Dataset excerpts:
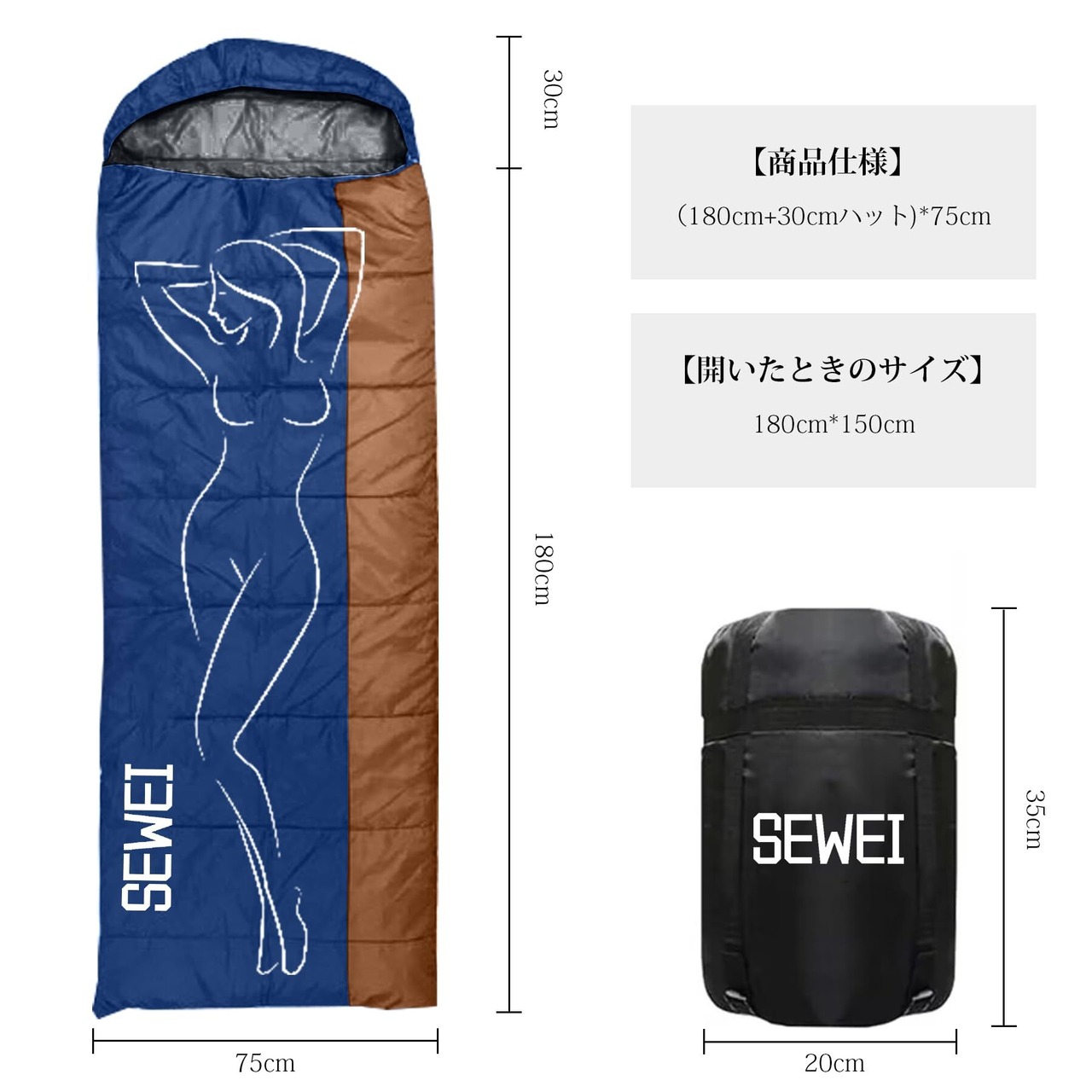 寝袋 シュラフ 【SEWEI 寝袋 シュラフ 封筒型 足元の防風カバー 付き】 軽量 保温 防水超暖かい 冬用 コンパクト 簡単収納 登山 車中泊 防災用 アウトドア キャンプ 丸洗い可能 春夏秋冬の使用可能 収納袋付き(ネイビー+カーキ,1KG)
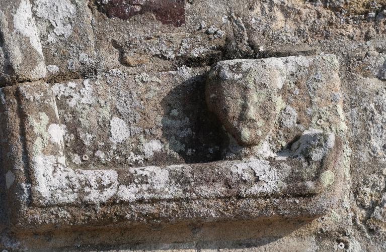 Façade Ouest, portail: détail du décor sculptéImmatriculation
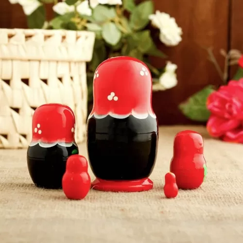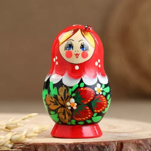Матрёшка дерево «Божья коровка», красный платок, 5 кукольная, 9-11 см
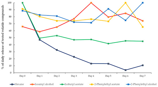 3.3. Daily Volatile Release of Investigated Blends in the Field
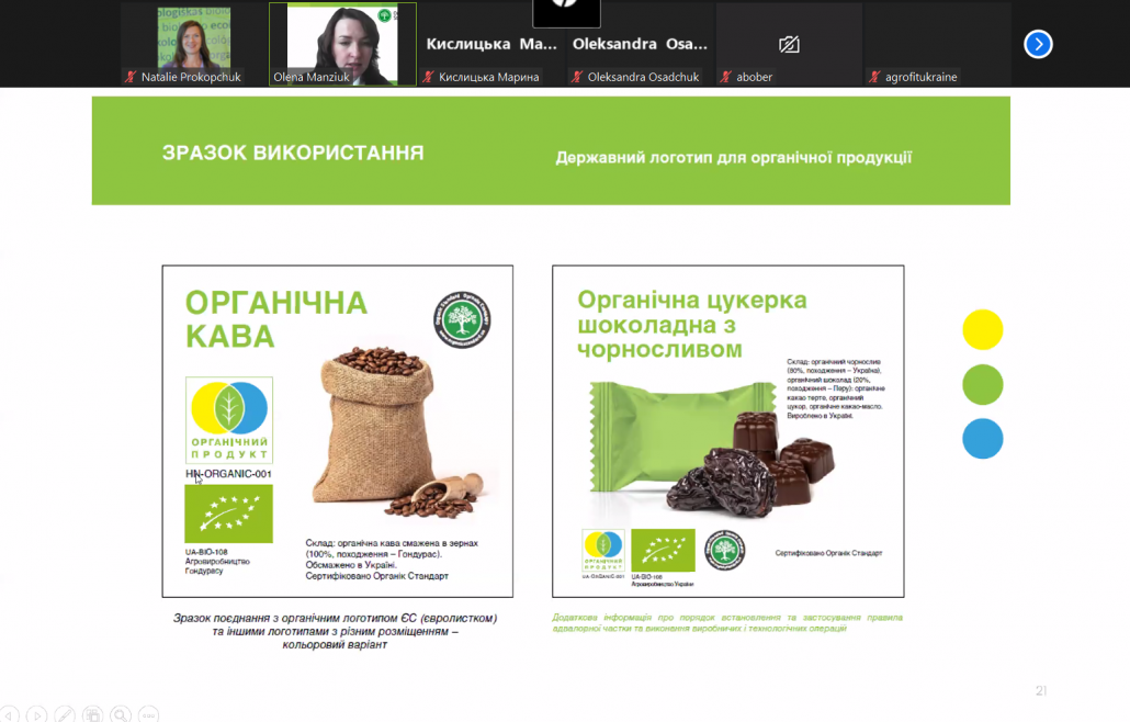 Головною метою тренінгу було навчання операторів, громадських організацій та надавачів послуг в органічному секторі України щодо вимог та правильного використання державного логотипу для органічної продукції та маркування загалом. Більше 130 учасників тренінгу, який відбувся онлайн, мали змогу докладно ознайомитися із Законодавством України у сфері органічного виробництва, обігу та маркування органічної продукції, а саме наказом Міністерства аграрної політики та продовольства України «Про затвердження державного логотипа для органічної продукції.

*INSTRUCTIONS TO FOLLOW*
Every entry above should be restated word for word, with the images left out.

*ANSWER SECTION*
 寝袋 シュラフ 【SEWEI 寝袋 シュラフ 封筒型 足元の防風カバー 付き】 軽量 保温 防水超暖かい 冬用 コンパクト 簡単収納 登山 車中泊 防災用 アウトドア キャンプ 丸洗い可能 春夏秋冬の使用可能 収納袋付き(ネイビー+カーキ,1KG)
 Façade Ouest, portail: détail du décor sculptéImmatriculation
Матрёшка дерево «Божья коровка», красный платок, 5 кукольная, 9-11 см
 3.3. Daily Volatile Release of Investigated Blends in the Field
 Головною метою тренінгу було навчання операторів, громадських організацій та надавачів послуг в органічному секторі України щодо вимог та правильного використання державного логотипу для органічної продукції та маркування загалом. Більше 130 учасників тренінгу, який відбувся онлайн, мали змогу докладно ознайомитися із Законодавством України у сфері органічного виробництва, обігу та маркування органічної продукції, а саме наказом Міністерства аграрної політики та продовольства України «Про затвердження державного логотипа для органічної продукції.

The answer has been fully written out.